* [WHAT IS EXPECTED]
The result should be all the records, exact and complete, without a single picture.

* [PROVIDED DATA]
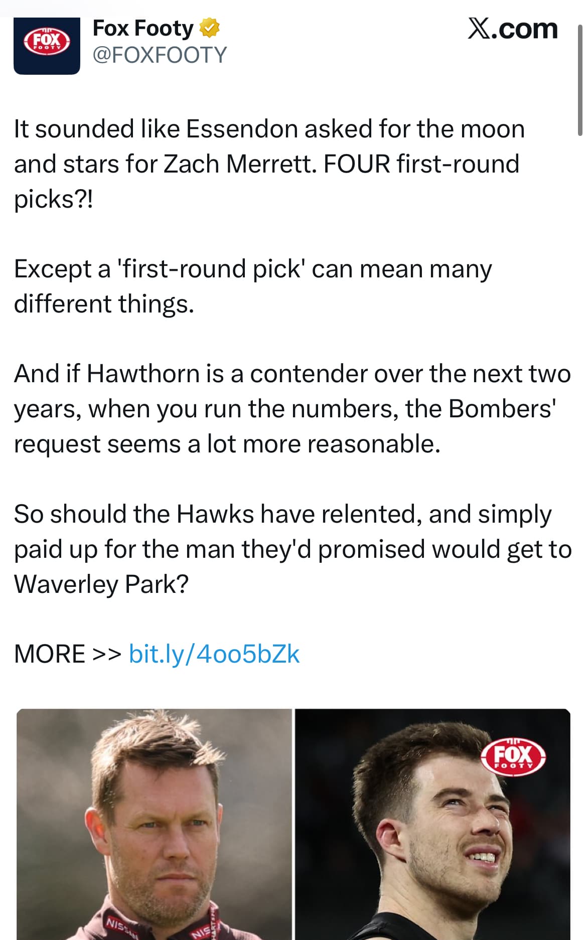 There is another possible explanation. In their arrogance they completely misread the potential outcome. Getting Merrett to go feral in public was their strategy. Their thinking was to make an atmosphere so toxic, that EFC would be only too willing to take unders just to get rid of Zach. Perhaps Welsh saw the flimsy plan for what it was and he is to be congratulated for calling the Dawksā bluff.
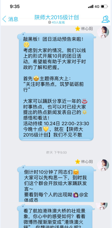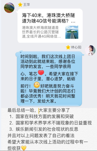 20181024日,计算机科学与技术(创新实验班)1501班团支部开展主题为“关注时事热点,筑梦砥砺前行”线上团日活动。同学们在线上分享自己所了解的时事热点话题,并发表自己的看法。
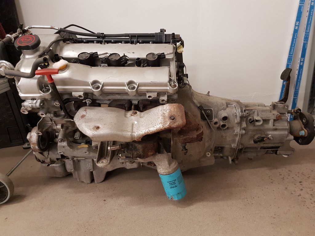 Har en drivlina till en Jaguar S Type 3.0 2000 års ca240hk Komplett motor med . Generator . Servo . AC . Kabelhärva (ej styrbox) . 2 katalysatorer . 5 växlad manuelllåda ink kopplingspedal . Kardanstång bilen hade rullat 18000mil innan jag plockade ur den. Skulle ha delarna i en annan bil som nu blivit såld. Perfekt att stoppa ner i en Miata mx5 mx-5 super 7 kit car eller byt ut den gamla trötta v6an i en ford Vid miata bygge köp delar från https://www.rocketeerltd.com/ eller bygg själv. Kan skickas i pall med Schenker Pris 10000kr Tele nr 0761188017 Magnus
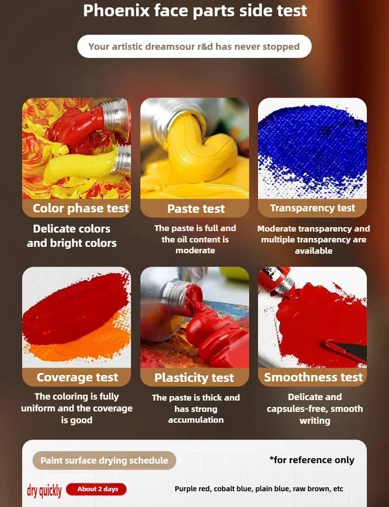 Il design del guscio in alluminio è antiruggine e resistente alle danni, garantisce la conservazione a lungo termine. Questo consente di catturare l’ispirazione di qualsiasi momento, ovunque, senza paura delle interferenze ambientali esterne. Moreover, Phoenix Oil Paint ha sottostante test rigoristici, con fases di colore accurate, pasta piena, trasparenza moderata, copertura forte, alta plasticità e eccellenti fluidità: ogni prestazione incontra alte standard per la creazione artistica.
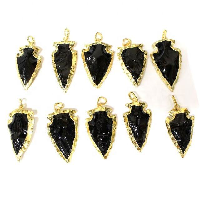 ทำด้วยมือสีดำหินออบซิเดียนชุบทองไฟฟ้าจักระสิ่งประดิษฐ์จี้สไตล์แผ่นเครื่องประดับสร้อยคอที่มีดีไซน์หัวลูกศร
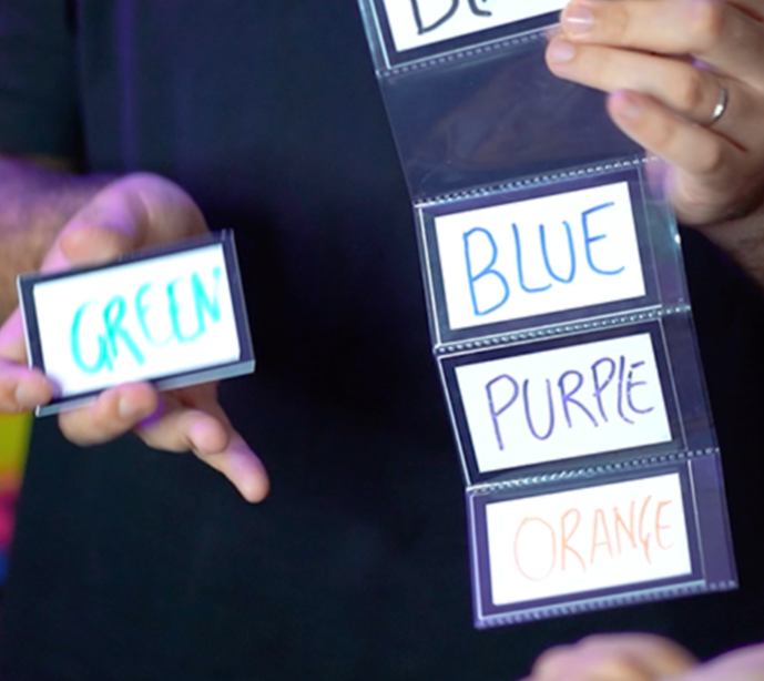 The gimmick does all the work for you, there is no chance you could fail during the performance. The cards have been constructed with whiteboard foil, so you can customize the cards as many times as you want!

* [RESULT OF THE TASK]
 There is another possible explanation. In their arrogance they completely misread the potential outcome. Getting Merrett to go feral in public was their strategy. Their thinking was to make an atmosphere so toxic, that EFC would be only too willing to take unders just to get rid of Zach. Perhaps Welsh saw the flimsy plan for what it was and he is to be congratulated for calling the Dawksā bluff.
 20181024日,计算机科学与技术(创新实验班)1501班团支部开展主题为“关注时事热点,筑梦砥砺前行”线上团日活动。同学们在线上分享自己所了解的时事热点话题,并发表自己的看法。
 Har en drivlina till en Jaguar S Type 3.0 2000 års ca240hk Komplett motor med . Generator . Servo . AC . Kabelhärva (ej styrbox) . 2 katalysatorer . 5 växlad manuelllåda ink kopplingspedal . Kardanstång bilen hade rullat 18000mil innan jag plockade ur den. Skulle ha delarna i en annan bil som nu blivit såld. Perfekt att stoppa ner i en Miata mx5 mx-5 super 7 kit car eller byt ut den gamla trötta v6an i en ford Vid miata bygge köp delar från https://www.rocketeerltd.com/ eller bygg själv. Kan skickas i pall med Schenker Pris 10000kr Tele nr 0761188017 Magnus
 Il design del guscio in alluminio è antiruggine e resistente alle danni, garantisce la conservazione a lungo termine. Questo consente di catturare l’ispirazione di qualsiasi momento, ovunque, senza paura delle interferenze ambientali esterne. Moreover, Phoenix Oil Paint ha sottostante test rigoristici, con fases di colore accurate, pasta piena, trasparenza moderata, copertura forte, alta plasticità e eccellenti fluidità: ogni prestazione incontra alte standard per la creazione artistica.
 ทำด้วยมือสีดำหินออบซิเดียนชุบทองไฟฟ้าจักระสิ่งประดิษฐ์จี้สไตล์แผ่นเครื่องประดับสร้อยคอที่มีดีไซน์หัวลูกศร
 The gimmick does all the work for you, there is no chance you could fail during the performance. The cards have been constructed with whiteboard foil, so you can customize the cards as many times as you want!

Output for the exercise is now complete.